In this exercise, we provide you with a simple baseline model for text classification using scikit-learn. Now, it's time to test the effectiveness of your techniques you learned so-far on the classification accuracy.

To do this, we recommend that you first select a subset of the dataset and preprocess it using the techniques learned in the previous sections. Then, train a machine learning classifier on the preprocessed data using the given pipeline. Finally, evaluate the accuracy of the classifier on the preprocessed data and compare it with the accuracy of the same classifier trained on the raw data.

The following train-function takes the pandas dataframe as input and trains a naive-bayes classifier on it.

Note, that the following train-function takes a pandas dataframe as input. **You should keep the column-names for notes ("transcription") and classes ("medical_specialty").**

In [82]:
from sklearn.model_selection import train_test_split
from sklearn.pipeline import Pipeline
from sklearn.feature_extraction.text import CountVectorizer
from sklearn.naive_bayes import MultinomialNB
from sklearn.metrics import accuracy_score, f1_score


### do not change! ###
def train(df):
    X_train, X_test, y_train, y_test = train_test_split(df['stopwords_removed'], df['medical_specialty'], test_size=0.2, random_state=42)

    # Define the text classification pipeline
    text_clf = Pipeline([
        ('vect', CountVectorizer(lowercase=False)),
        ('clf', MultinomialNB())
    ])

    # Train the pipeline on the preprocessed data
    text_clf.fit(X_train, y_train)

    predicted = text_clf.predict(X_test)

    # Evaluate the accuracy of the model
    accuracy = (predicted == y_test).mean()
    f1 = f1_score(y_test, predicted, average='micro')
    print(f"Accuracy: {accuracy:.2f}")

##############################


In [84]:
df['stopwords_removed'] = df['stopwords_removed'].apply(lambda x: ' '.join(list(x)))
df['medical_specialty'] = df['medical_specialty'].astype(str)

train(df)

ValueError: empty vocabulary; perhaps the documents only contain stop words

In [74]:
X_train, X_test, y_train, y_test = train_test_split(df['stopwords_removed'], df['medical_specialty'], test_size=0.2, random_state=42)
X_train_org, X_test_org, y_train_org, y_test_org = train_test_split(df['transcription'], df['medical_specialty'], test_size=0.2, random_state=42)


In [78]:
print('stopwords_removed:', X_train[0], '\noriginial:', X_train_org[0])

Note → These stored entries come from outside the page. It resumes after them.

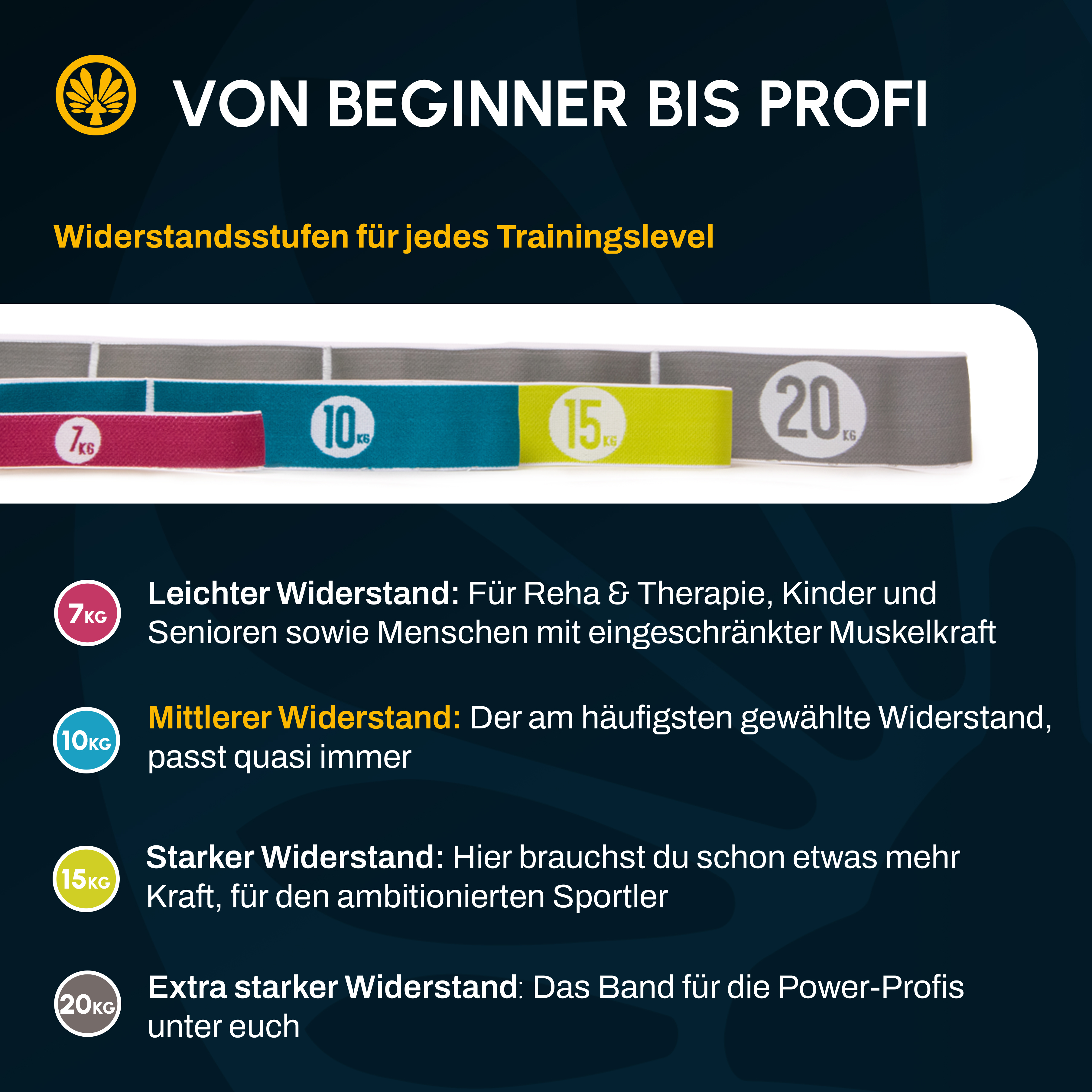 Die Wahl des Widerstandes sollte an die Übung und die eigenen Fähigkeiten angepasst sein, außerdem ist nicht jeder Muskel im Körper gleich stark. Deshalb: Für optimale Trainingsergebnisse sind Bänder in verschiedenen Stärken nötig.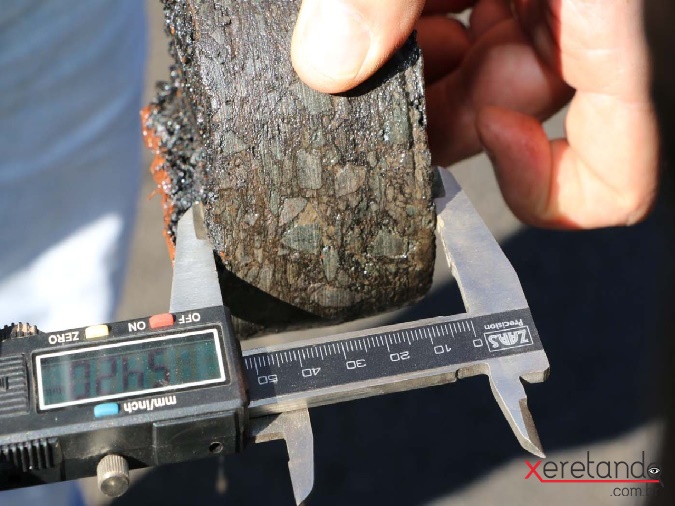 A sondagem, como é chamada, ocorre na companhia dos representantes das empresas responsáveis, que utilizando uma trena e também uma furadeira motorizada, medem e retiram amostras do asfalto verificando-as com o uso de um paquímetro que serve para aferir e a espessura e, na sequência, elas são enviadas para análise para quantificar o conteúdo existente, certificando-se assim, da durabilidade do material. De acordo com o contrato, a espessura não pode ser menor do que quatro centímetros, já a largura, varia de acordo com cada trecho executado e é confrontada com as especificações técnicas existentes, também no contrato.
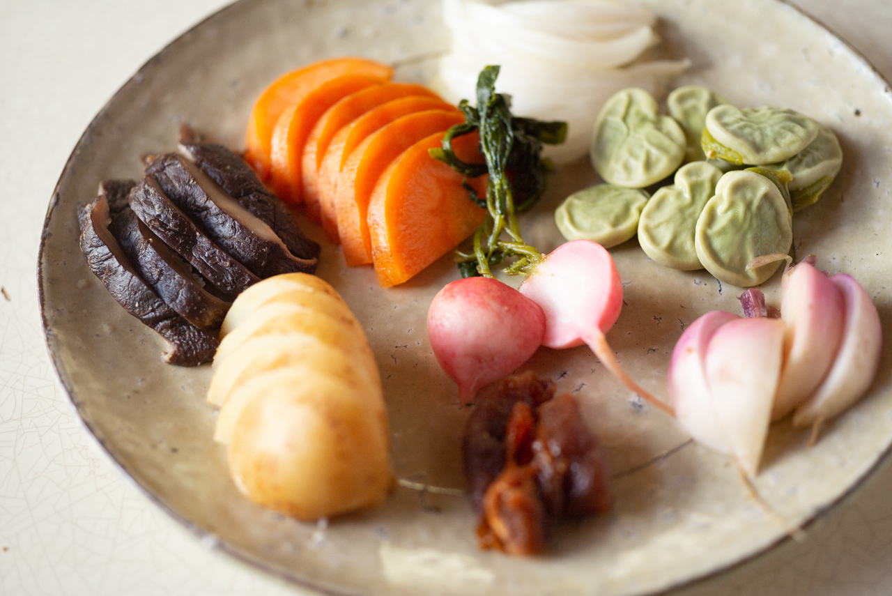 にんじんやカブなど、アクが少ない野菜は生のまま漬けています。ジャガイモは固めにふかしてから。そら豆は薄皮ごと、サッと茹でてから漬けました。そら豆は小粒なので、お茶パックやキッチンネットなどに入れて漬けると迷子になりにくいです。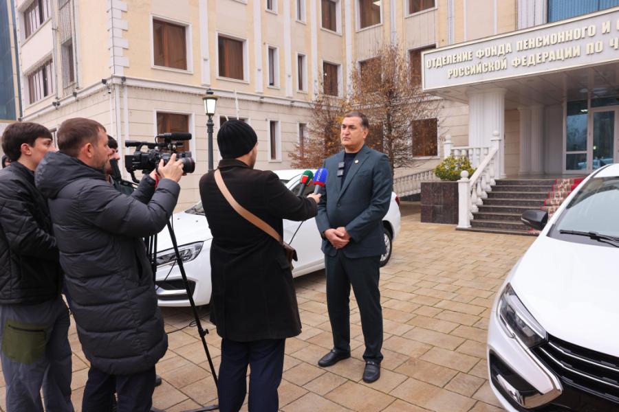 Ключи от четырех новых автомобилей «Лада Веста», приобретённых за счет средств Социального фонда, жителям передал управляющий отделением Мохмад-Эми Ахмадов.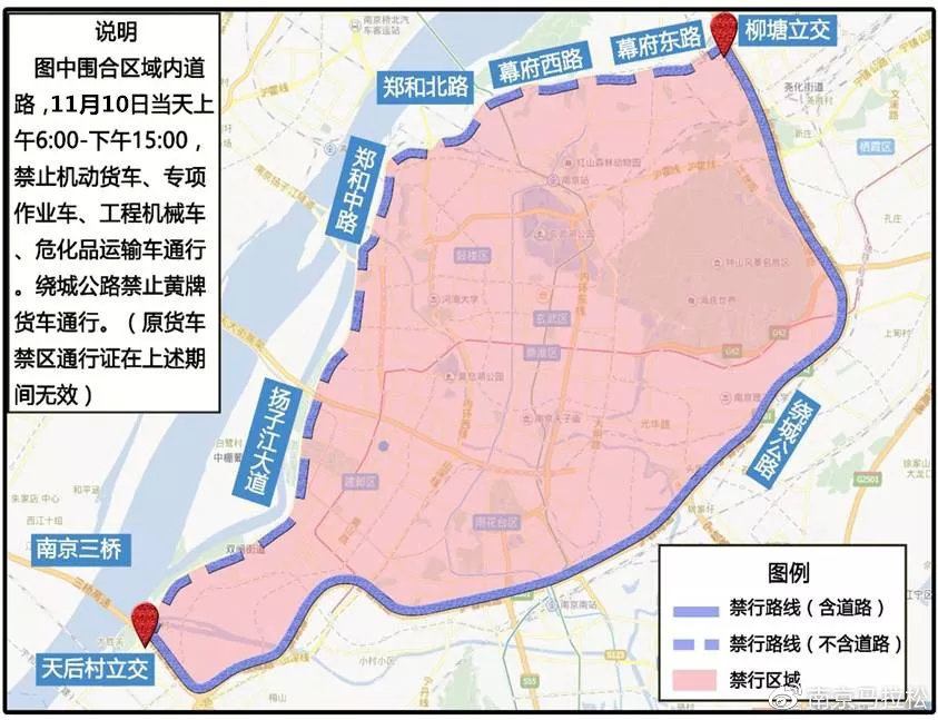 本市幕府东路、幕府西路、郑和北路、郑和中路、扬子江大道、绕城公路(不含上述道路)合围区域内禁止机动货车、专项作业车、工程机械车、危化品运输车通行;绕城公路(柳塘立交至天后村互通段)在上述时间段内禁止黄牌货车通行。同时,持货车禁区通行证的车辆不得在上述限行区域、路段内行驶。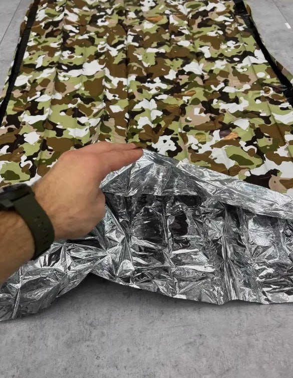 Цей термоспальник створений для збереження тепла навіть у найскладніших умовах. Він не пропускає вітер і вологу, а внутрішній шар ефективно утримує температуру. Завжди готовий до використання, компактний і надлегкий. Особливість: матеріал спальника маскує теплову сигнатуру тіла, захищаючи від спостереження тепловізорами та знижуючи ймовірність виявлення комарами.
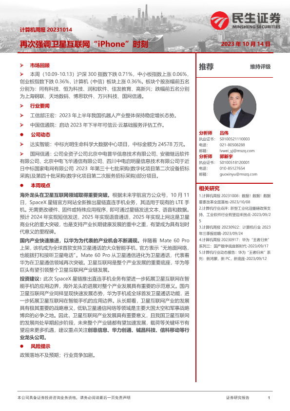 【民生证券】【20231014】20231014-民生证券-计算机周报:再次强调卫星互联网“iPhone”时刻-17页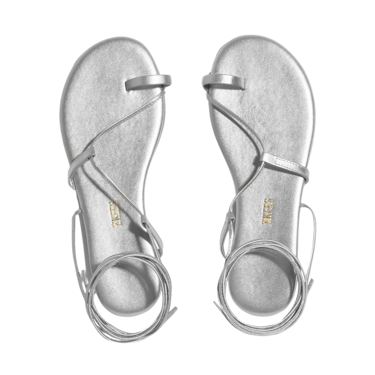 Barely-there, wrap-up sandals with a delicate toe loop and two perfectly placed straps for support. Handcrafted from soft Brazilian napa leather with adjustable suede ankle ties, a cushioned insole, and a rubber outsole for comfort.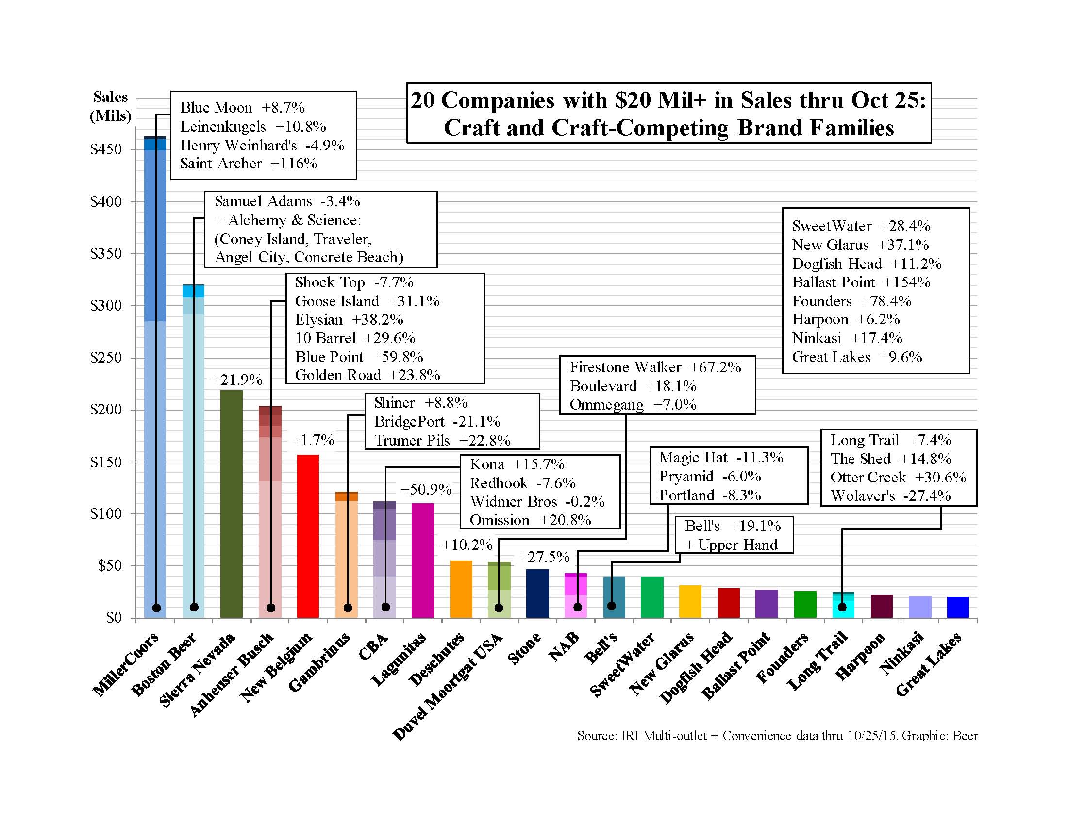 Constellation Gets "Crown Jewel" With this deal, Constellation instantly catapults itself into major leagues as a craft player, buying "literally the crown jewel of craft," Constellation ceo Rob Sands told INSIGHTS. It is "by far the fastest growing major craft brewer." Indeed, Ballast Point is more than doubling in 2015. It sold 123,000 bbls last yr and expects to sell about 4 mil cases, or 280,000 bbls in 2015. That's growth of about 128% and would mean Ballast Point would jump from #27 to very near our top 10 in list of craft brewers. Like Lagunitas, it will no longer be part of Brewers Assn list of craft brewers starting with 2016 data. That list has suffered a couple of body blows this yr. Between those 2 brewers, it will lose 1.1 mil bbls of fast-growing craft volume, over 5% of 2015 segment volume and about 15-20% of its 2015 growth.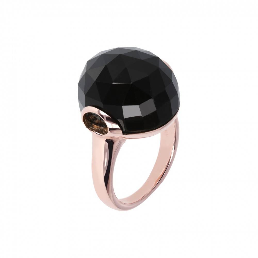 Anillo de oro rosa con una piedra redonda de ónix negro. Esta joya Golden Rose, bañada en oro rosa de 18 quilates, está disponible en varios colores contrastantes: ¡elige tu favorito! Combínala con el collar y los pendientes de araña a juego o con otras creaciones de la colección Felicia.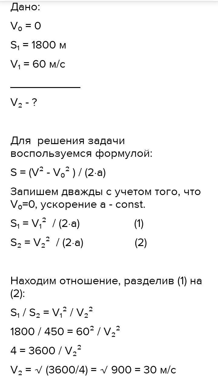 Літак доторкнувся посадкової смуги при швидкості 60 м/с та зупиняється пробігши 1800 м. Яка швидкість літака, коли він пробіг смугою 450 м?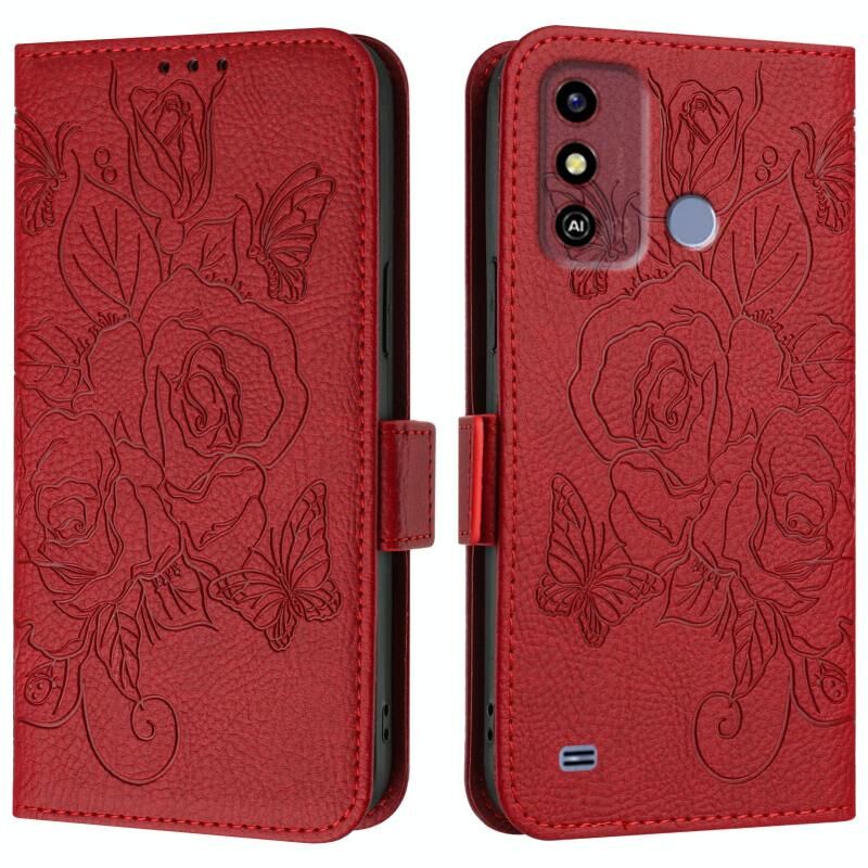 For ZTE Blade A53 Embossed Rose RFID Anti-theft Leather Phone Case(Red)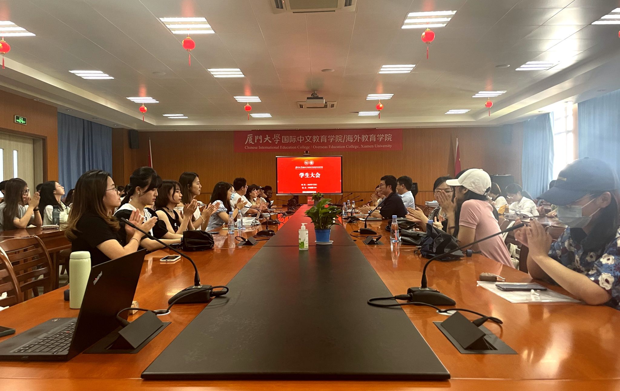 7月8日下午,厦门大学国际中文教育学院/海外教育学院全体学生大会在翔安校区坤銮楼C104会议室举行。参加会议的有学院党委副书记林明华、各年级辅导员以及全体在校学生,会议由学院团委书记陈艺新主持。
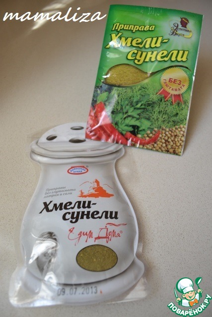 А еще моя дорогая Галочка подарила мне хмели-сунели, которые я никак не могла здесь приобрести. Теперь у меня 2 пакетика этих специй и я смогу со спокойной душой приступить к воспроизведению нескольких рецептов, которые уже давно ждут своего часа!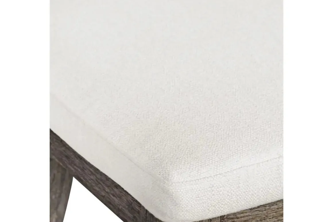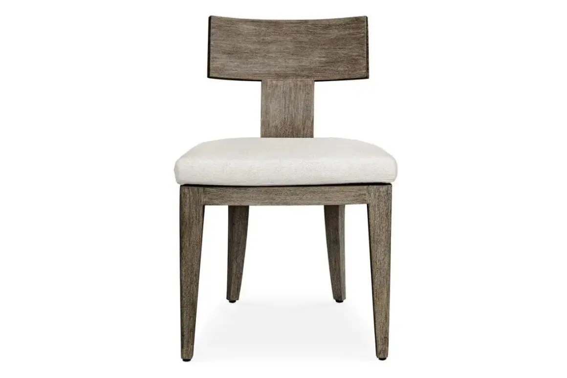 With durability for the outdoors in mind, the Cellini dining chair features a gracefully curved mahogany wood frame in a weathered gray finish with wire-brushed details. The plush cushion is upholstered in oyster white solution dyed acrylic fabric that is constructed to withstand the moisture and dirt that comes with outdoor use.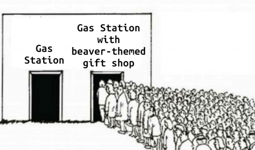In France there’s some really nice gas stations on some of the popular highways. In the summer there’s so many tourists going on vacation through these that some of them even set up temporary art exhibitions or special activities like bouldering, bow&arrows, etc. I remember doing my first “dive” in a special water cube on the parking lot of Montélimar’s station when I was a kid, good times. Of course none of that is even remotely similar to putting a beaver themed slop-shop and calling it a day, the shops mostly just sell local products and the usual essentials.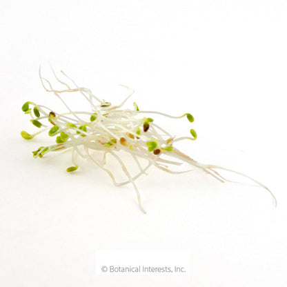 Nutritious, delicious, and easy to grow! High in protein, essential amino acids, digestive enzymes, vitamins, minerals, and (when exposed to light) chlorophyll. Alfalfa sprouts add lively flavor and texture to salads and sandwiches. The culinary possibilities are limited only by your imagination!
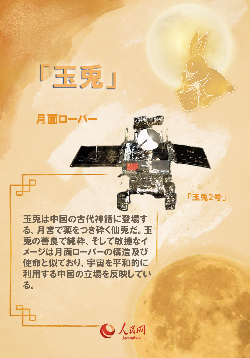 「玉兎號」は中國が設(shè)計(jì)?製造した月面ローバーで、月探査機(jī)「嫦娥3號」に搭載され、月面で探査を行った。玉兎號は2013年12月15日に嫦娥3號から出て、1973年のソ連の月面ローバー「ルノホート2號」以降、初めて月面を踏んだ自動運(yùn)転月面ローバーとなった。命名の際、「玉兎」の得票數(shù)が多くの候補(bǔ)名の中で最多になったのは、中國の古代神話のストーリーのおかげだろう。伝説では、嫦娥が月に昇る際に玉兎を抱えており、玉兎は月宮で嫦娥と常に寄り添っていたとされている。そのため月探査事業(yè)では「嫦娥」が月に著陸し、「玉兎」が寄り添っているのだ。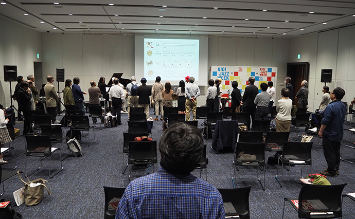 ジャズや世界の民族音楽の背後には面白いリズムがたくさんあります。世界のさまざまな音楽のリズムを多角的に捉えるとどんな不思議があるのかを探っていきましょうと、テーブルを取り払った会場いっぱいに参加者みんなで輪をつくり、音楽に合わせながら手拍子や足でリズムをとり、ビートを刻み、実際に動いてみることで体感的に学んでいきました。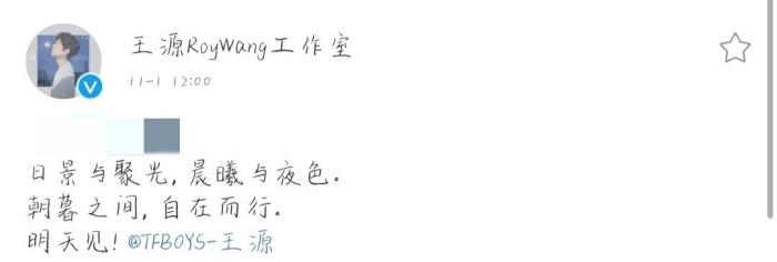 11月1日,王源工作室在社交平台发布了一段文字并搭配了一张名为"朝暮"的海报。其中有一个十分引人注意的点,在海报的正下方写有"11.08"的字样,众所周知11月8日是王源的生日,那么联想到工作室发布的这张海报,是不是就意味着王源的二十岁生日会要来了呢?
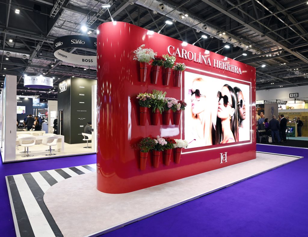 In keeping with their brand ethos, the Carolina Herrera stand exuded quality and sophistication, approaching the show from a different perspective. Picking up on their history of opening high-class pop-up stores and brand activations, the brief was to create a similar experience at 100% Optical.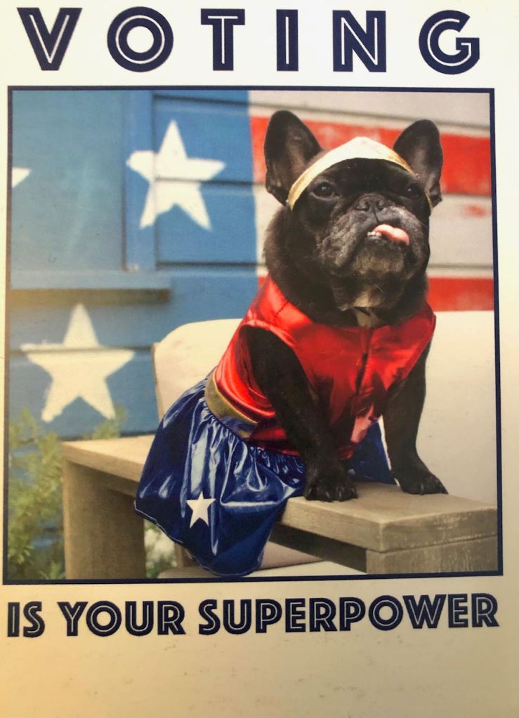 Everyone was “definitely going to vote”, “are you kidding?“. We had D (democrats), I (independents) and U (unaffiliated) voters on our lists. For those not home, we left a funny postcard with a few handwritten lines on the back:

stopwords_removed: subjective year old white female present complaint allergy used allergy lived seattle think worse past ha tried claritin zyrtec worked short time seemed lose effectiveness ha used allegra also used last summer began using two week ago doe appear working well ha used counter spray prescription nasal spray doe asthma doest require daily medication doe think flaring medication medication currently ortho tri cyclen allegra allergy ha known medicine allergy objective vitals weight wa pound blood pressure heent throat wa mildly erythematous without exudate nasal mucosa wa erythematous swollen clear drainage wa seen tm clear neck supple without adenopathy lung clear assessment allergic rhinitis plan try zyrtec instead allegra another option use loratadine doe think ha prescription coverage might cheaper sample nasonex two spray nostril given three week prescription wa written well 
originial: SUBJECTIVE:,  This 23-year-old white female presents with complaint of allergies. 

In order to train and test the machine learnign model on your preprocessed dataset, the dataframe should have the same column names as in the original dataset.